Jellyfish : grace in the current

Thom Robbins | Story & pictures

Gliding through the green summer currents of the Salish Sea, jellyfish seem to exist somewhere between matter and myth—elegant, translucent, and suspended in a world shaped by light and movement. Though often dismissed as pests or feared for their sting, these gelatinous invertebrates are a vital and beautiful part of the Salish Sea’s marine ecology, especially during the warmer months.

At least 10 known species of jellyfish (Class Scyphozoa and Hydrozoa) are commonly found in the Salish Sea. However, the exact number varies depending on seasonal conditions and depth. The region also hosts a variety of hydromedusae, small jellyfish-like organisms from the class Hydrozoa and ctenophores (comb jellies), which are not true jellyfish but are often seen alongside them.

In the summer, diving in the Salish Sea isn’t about crystal-clear views but seeing what moves through the murk. As the surface waters warm, sunlight and nutrients combine to spark massive phytoplankton and algae blooms. These microscopic organisms flourish in the long daylight hours, turning the water cloudy green and dramatically reducing visibility.

At the same time, nutrient-rich upwelling from deeper waters feeds this explosion of life, creating a cascading effect through the food web. These blooms nourish jellyfish and other filter feeders, yet they can also trigger oxygen depletion in deeper layers—a process known as eutrophication. As algae and plankton die off and decompose, they consume oxygen, sometimes creating low-oxygen zones that drive fish and invertebrates like wolf eels into shallower waters, or out of the area entirely.

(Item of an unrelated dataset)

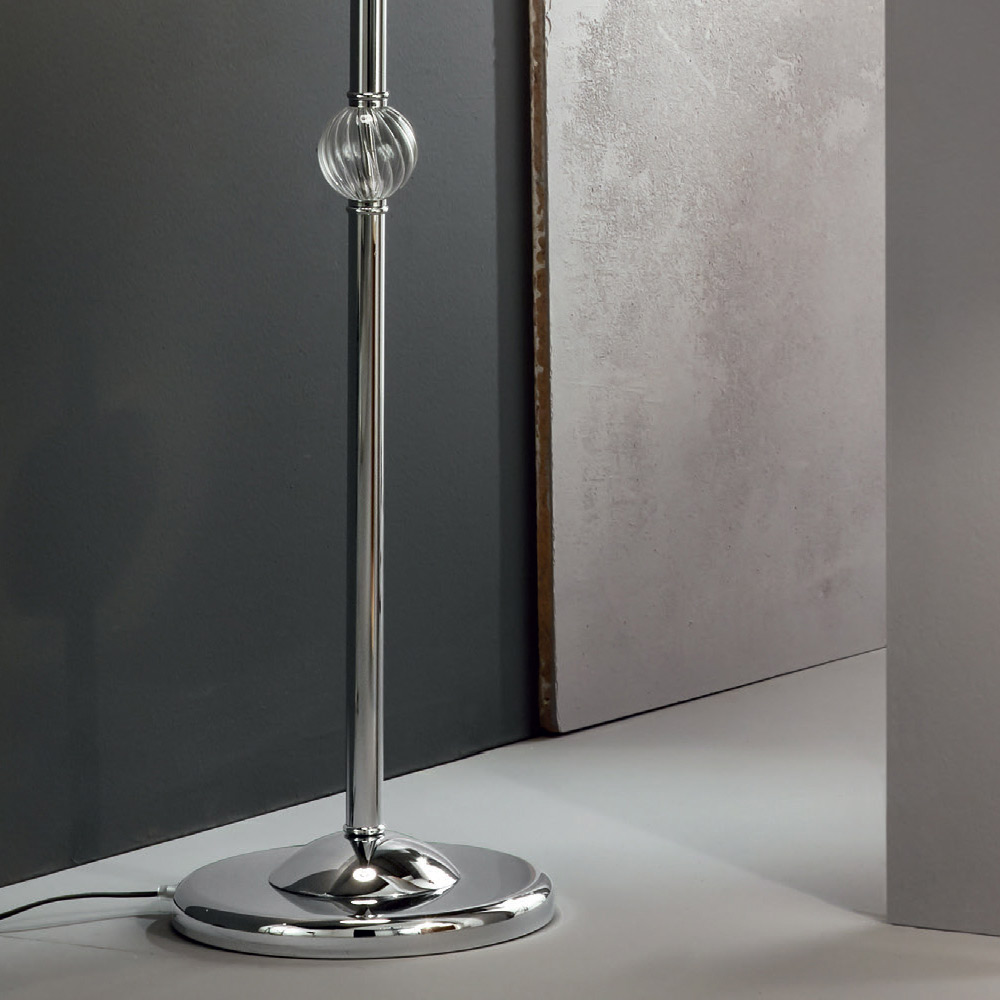 Questa piantana dallo stile classico è realizzata con una base di forma rotonda ed una parte della struttura realizzate in metallo cromato.

Despite the haze, the midwater teems with motion. Jellyfish pulse silently past in the filtered light, their delicate forms catching the sun like drifting ornaments. I’ve hovered motionless on some dives as dozens of moon jellies passed—some brushed softly against my mask. In those moments, the murk becomes a cathedral, lit not by clarity but movement. Among the most commonly seen is the Moon Jelly (Aurelia labiate). Recognizable by its delicate, bell-shaped body and the four horseshoe-shaped gonads visible through its dome, the moon jelly is both harmless and hypnotic. Although capable of stinging, its venom is so weak that divers typically feel nothing more than a light brush, if anything at all.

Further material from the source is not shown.